• _AIM OF THE EXERCISE_
Using the material below, print the line that contains "Заглушка зовнішня 25мм, PN16, Pimtas", the line that contains "12. Кулуар. Это", and every line in between, exactly and nothing else.

• _INFORMATION GIVEN_
○ ○ ○ ○ ○ ○ ○
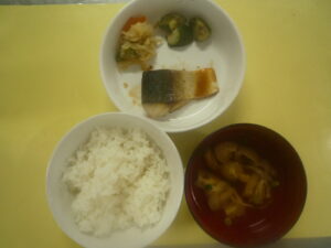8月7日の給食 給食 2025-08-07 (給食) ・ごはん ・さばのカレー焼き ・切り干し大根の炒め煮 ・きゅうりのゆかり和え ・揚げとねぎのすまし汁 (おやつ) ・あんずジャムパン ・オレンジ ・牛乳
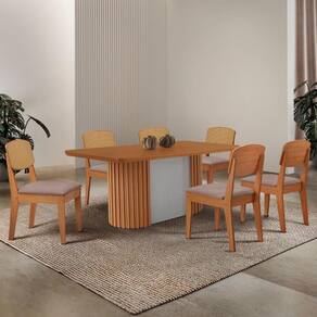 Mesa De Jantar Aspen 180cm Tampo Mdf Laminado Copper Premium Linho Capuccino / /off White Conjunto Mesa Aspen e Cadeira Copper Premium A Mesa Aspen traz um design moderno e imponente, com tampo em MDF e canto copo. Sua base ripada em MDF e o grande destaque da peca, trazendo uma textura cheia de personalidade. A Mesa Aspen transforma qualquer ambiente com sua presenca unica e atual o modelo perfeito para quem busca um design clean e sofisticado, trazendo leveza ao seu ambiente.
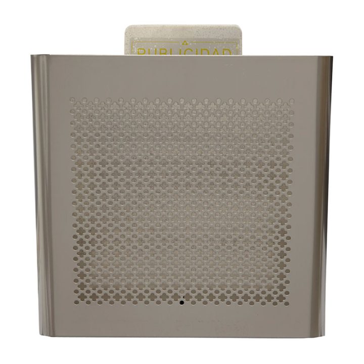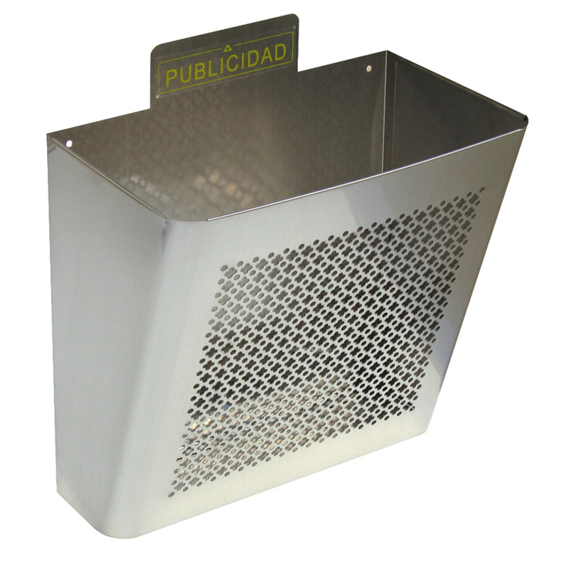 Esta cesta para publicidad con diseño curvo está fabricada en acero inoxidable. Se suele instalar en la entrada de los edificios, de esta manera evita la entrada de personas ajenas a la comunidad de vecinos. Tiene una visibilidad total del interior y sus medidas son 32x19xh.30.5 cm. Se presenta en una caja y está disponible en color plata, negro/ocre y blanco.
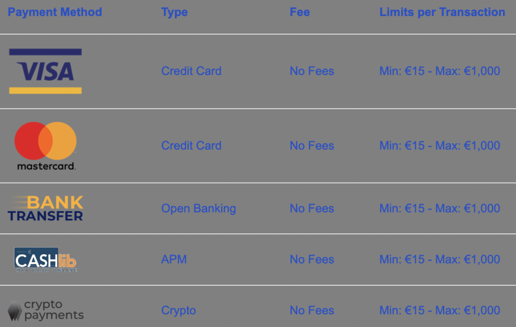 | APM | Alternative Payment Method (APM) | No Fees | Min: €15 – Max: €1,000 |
○ ○ ○ ○ ○ ○ ○
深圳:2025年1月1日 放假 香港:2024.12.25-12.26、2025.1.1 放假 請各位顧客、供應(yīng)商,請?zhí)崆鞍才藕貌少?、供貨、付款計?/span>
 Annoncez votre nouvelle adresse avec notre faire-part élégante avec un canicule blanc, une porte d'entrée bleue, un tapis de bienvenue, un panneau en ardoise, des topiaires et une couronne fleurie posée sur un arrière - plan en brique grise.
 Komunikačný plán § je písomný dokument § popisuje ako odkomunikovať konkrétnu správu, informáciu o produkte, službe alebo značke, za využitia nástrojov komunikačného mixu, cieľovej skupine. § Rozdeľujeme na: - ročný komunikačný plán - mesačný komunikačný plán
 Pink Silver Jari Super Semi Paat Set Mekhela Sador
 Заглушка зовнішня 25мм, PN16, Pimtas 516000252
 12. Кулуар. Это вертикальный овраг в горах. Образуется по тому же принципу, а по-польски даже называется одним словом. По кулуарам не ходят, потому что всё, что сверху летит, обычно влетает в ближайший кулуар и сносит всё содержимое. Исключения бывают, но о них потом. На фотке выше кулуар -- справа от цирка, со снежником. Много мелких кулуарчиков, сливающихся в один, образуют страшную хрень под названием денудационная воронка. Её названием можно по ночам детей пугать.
○ ○ ○ ○ ○ ○ ○
• _RESPONSE TO THE TASK_
 Заглушка зовнішня 25мм, PN16, Pimtas 516000252
 12. Кулуар. Это вертикальный овраг в горах. Образуется по тому же принципу, а по-польски даже называется одним словом. По кулуарам не ходят, потому что всё, что сверху летит, обычно влетает в ближайший кулуар и сносит всё содержимое. Исключения бывают, но о них потом. На фотке выше кулуар -- справа от цирка, со снежником. Много мелких кулуарчиков, сливающихся в один, образуют страшную хрень под названием денудационная воронка. Её названием можно по ночам детей пугать.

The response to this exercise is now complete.